Requirement - Your answer must consist solely of the lines from the one containing "Vintage 2000’s Abercrombie" through the last line of the records below, reproduced exactly, with all pictures omitted.

Exercise material -
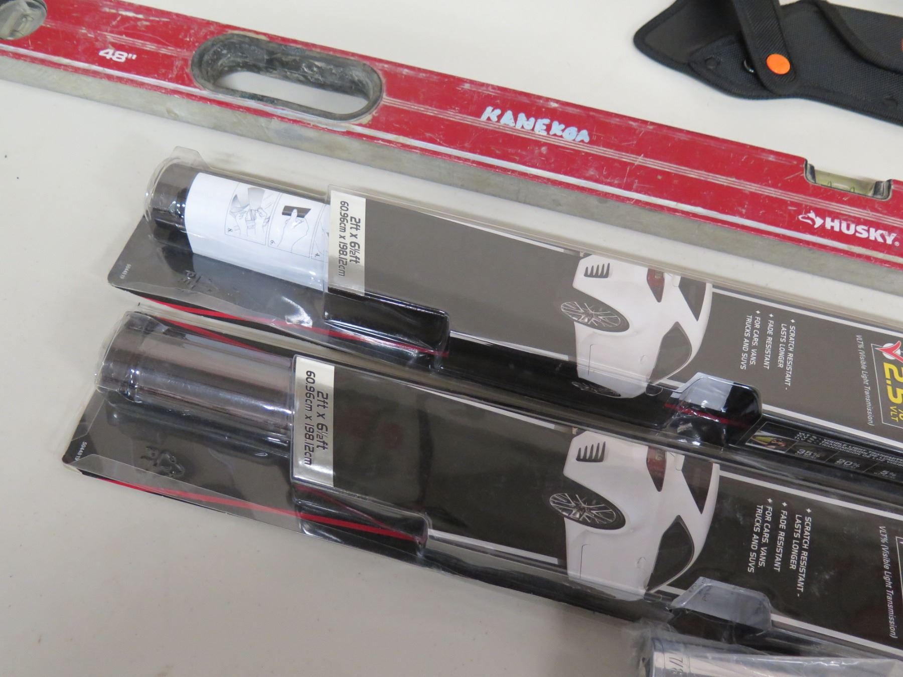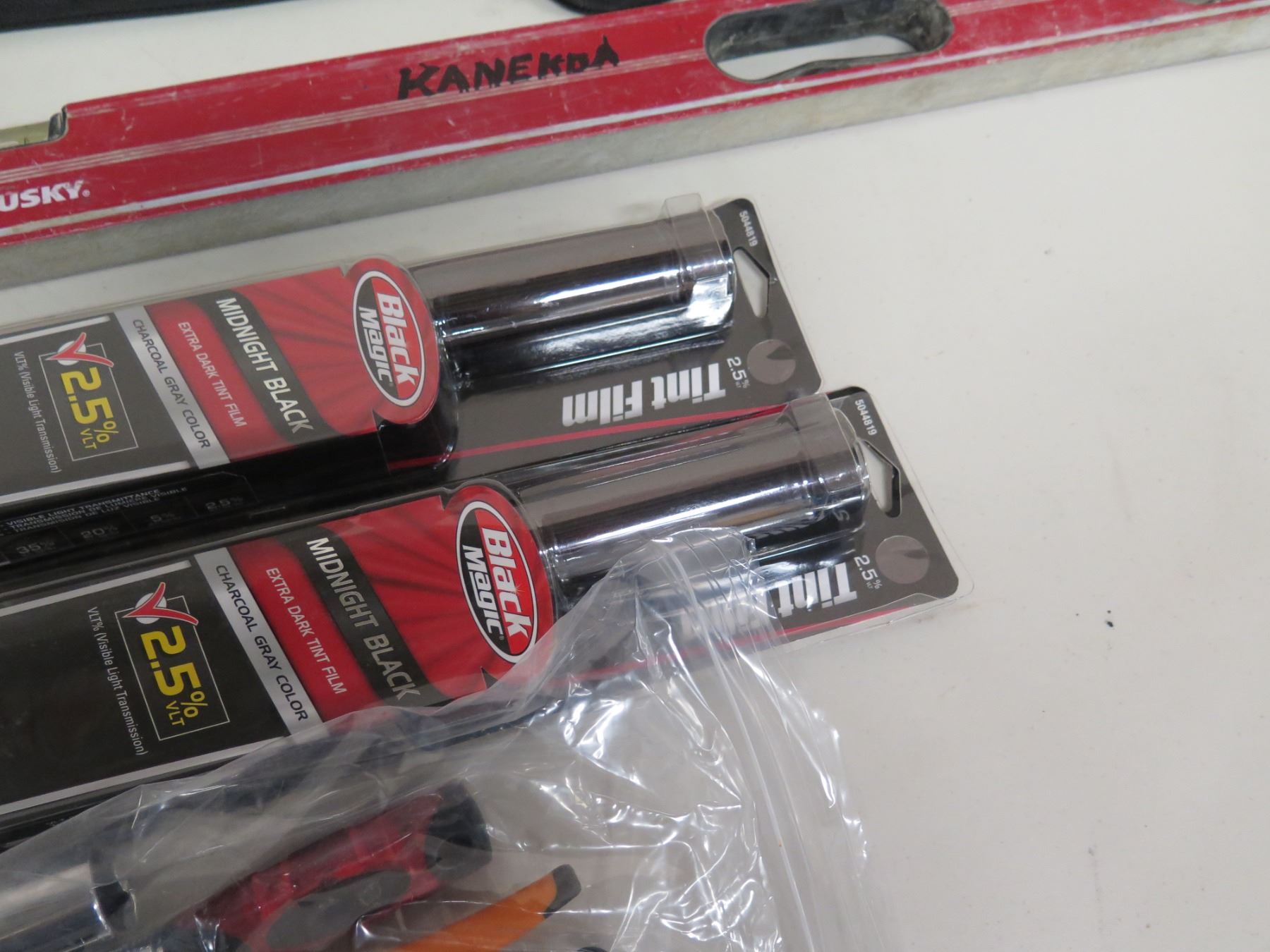 Qty 2 Black Magic Tint Film, Husky Level, Hand Tools, etc
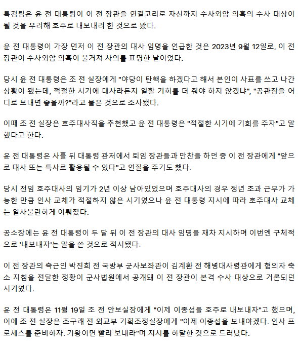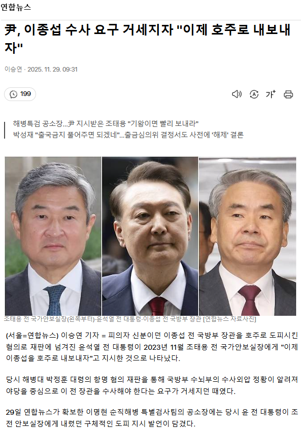 尹, 이종섭 수사 요구 거세지자 "이제 호주로 내보내자"
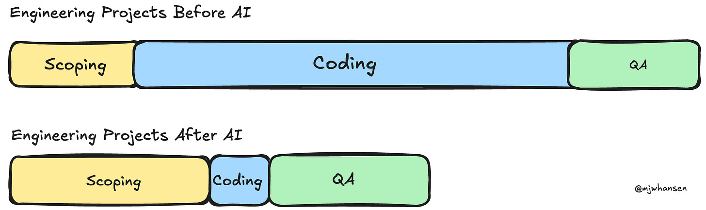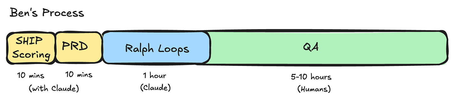 Now, there’s still time involved: lots of time writing product requirements documents for the Claude, and tons more time on QA (which is mostly manual). I included this illustration in a recent post for my company’s engineering blog:
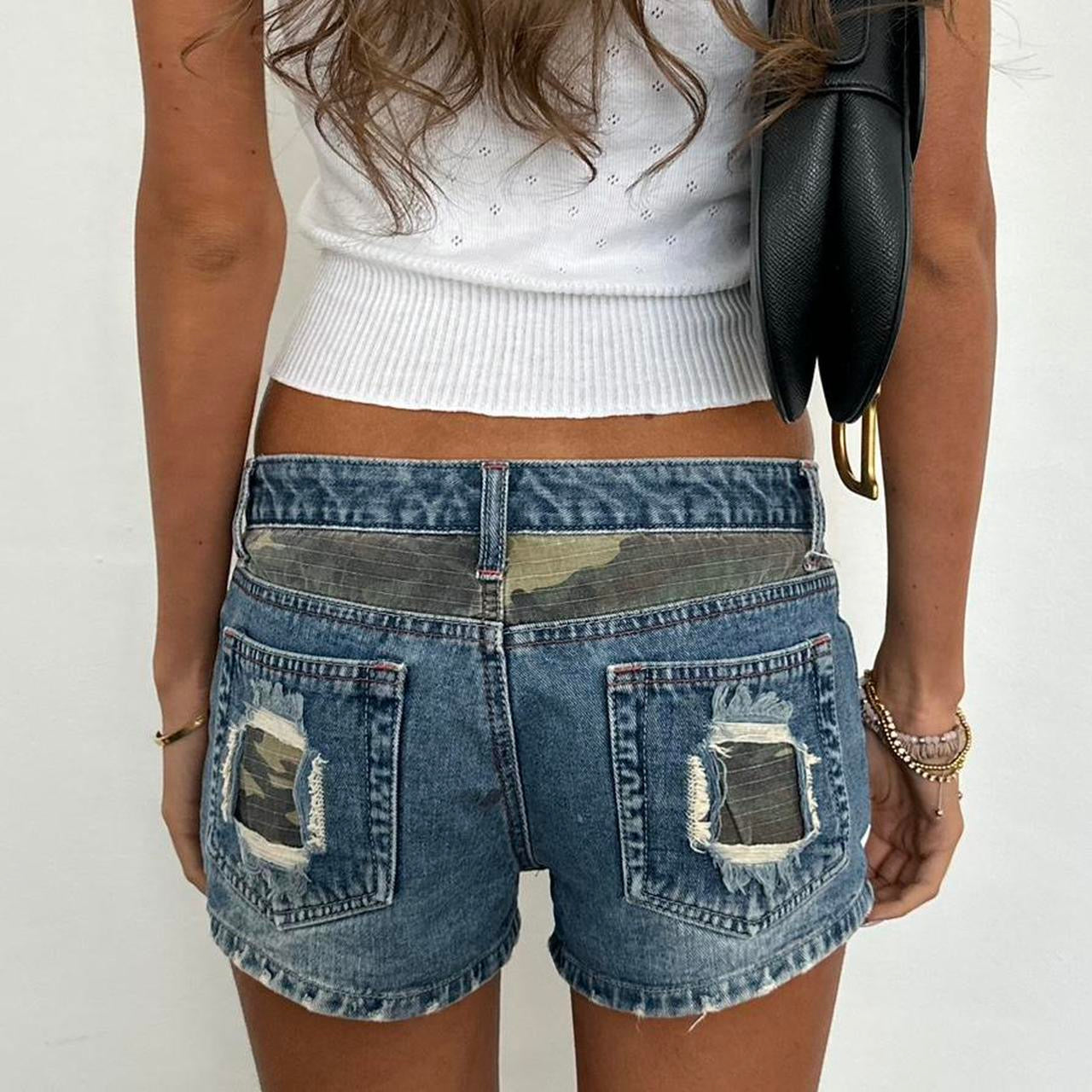 Vintage 2000’s Abercrombie and Fitch denim camouflage patch shorts
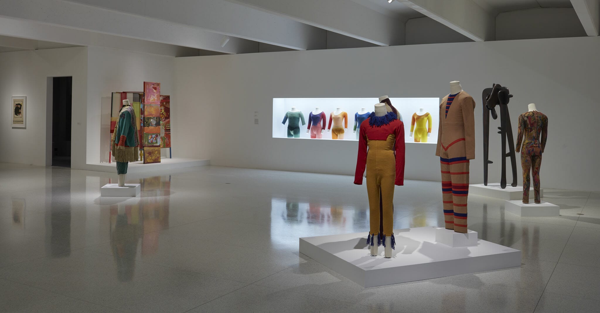 In the first gallery, a set of costumes and some stage props from past performances of the dance company greet us. We are drawn in by several colorful pieces.

Written response -
 Vintage 2000’s Abercrombie and Fitch denim camouflage patch shorts
 In the first gallery, a set of costumes and some stage props from past performances of the dance company greet us. We are drawn in by several colorful pieces.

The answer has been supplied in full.